The drug also blocks the action of pain-lowering endorphins which the body produces naturally. The likely reason for this is that these endorphins operate on the same opioid receptors. In one experiment, women treated with naloxone reported higher pain levels during childbirth than women not so treated; in another experiment, the pain lowering effect of placebos was blocked if the placebos were administered along with naloxone.

While naloxone is still often used in emergency treatments for opioid overdose, its clinical use in the long-term treatment of opioid addiction is being increasingly superseded by naltrexone. Naltrexone is structurally similar but has a slightly increased affinity for κ-opioid receptors over naloxone, can be administered orally and has a longer duration of action.
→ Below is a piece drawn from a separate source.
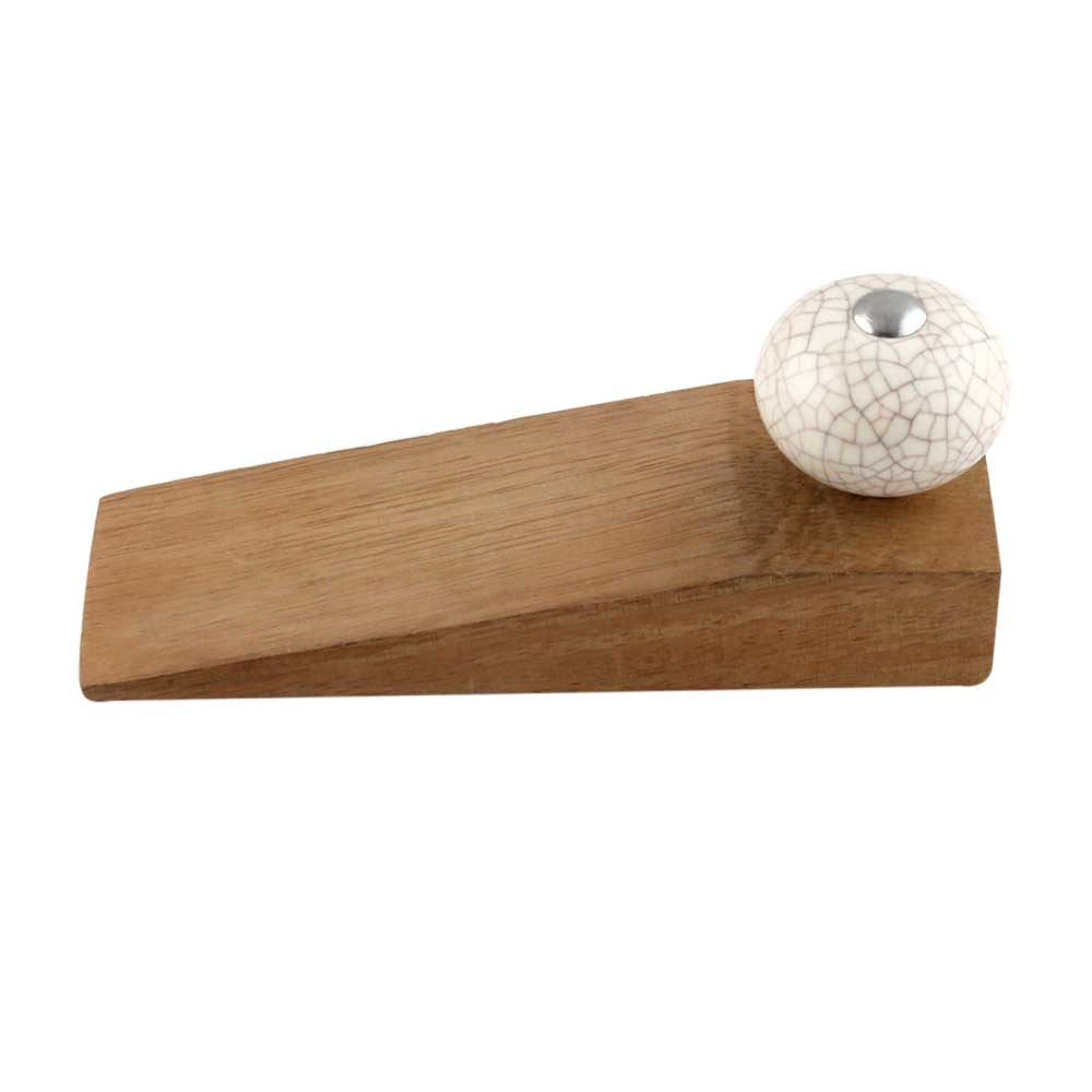 Handmade Ceramic and Wooden Door Stopper.Wooden Door Stopper with a Ceramic Knob to Carry it Easily. This Wooden Door Stopper has Glue Dots under it to Ensure that it does not Slip. It is Handmade by the Craftsmen of India and this Innovative Door Stopper won't Disappoint You.

Enteral naloxone has been successfully used in the reduction of gastritis and oesophagitis associated with opioid therapy in mechanically-ventilated acute care patients.

The effect of the hallucinogenic plant Salvia Divinorum and its primary active chemical Salvinorin-A, a κ-opioid agonist, can be inhibited by the pre-administration of naloxone, as well as PCP, ketamine, and dextromethorphan.
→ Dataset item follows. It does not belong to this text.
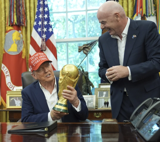 도널드 트럼프 미국 대통령이 지난해 8월 미국 워싱턴DC 백악관 집무실에서 열린 행사에서 잔니 인판티노 FIFA 회장과 대화하며 FIFA 월드컵 우승 트로피를 들어보이고 있다. 워싱턴 로이터 연합뉴스

Naloxone is also being used as a secondary chemical in the FDA approved medicine Suboxone. Suboxone and Subutex were created as part of a detox program to well help opiate addicted patients stop using opiates. Suboxone contains 4 parts Buprenorphine and 1 part Naloxone. While Subutex contains only Buprenorphrine.

The Naloxone was placed in the Suboxone in an effort to dissuade patients from grinding up the Suboxone tablet and using it as part of a combination of opiates that the user would inject into their body. The Naloxone will block the effects of any opiates and cause the user to go into immediate withdrawal.

The Naloxone has no other use in Suboxone other than preventing users from injecting the Suboxone in the body. However, the Naloxone in Suboxone does cause side effects in some people. These side effects include, but are not limited to, asthenia, chills, headache, infection, pain, pain in the abdomen, back pain, withdrawal syndrome, vasodilation, constipation, diarrhea, nausea, vomiting, insomnia, and sweating. Other than patients who might inject opiates, there is no reason for Naloxone in Suboxone. Because of these side effects, the FDA recommends that doctors begin any chemical detox using Subutex, which does not contain any Naloxone. By this manner, if for some reason the doctor moves the patient to Suboxone and the patient begins having side effects related to Naloxone, the doctor can easily move the patient back to Subutex.

For these reasons and others, it has been reported that Subutex is easier to withdraw from than is Suboxone.

Legal status

The patent for Naloxone has expired and it is manufactured by various companies.


The CAS number of naloxone is 465-65-6; the anhydrous hydrochloride salt has CAS 357-08-4 and the hydrochloride salt with 2 molecules of water has CAS 51481-60-8.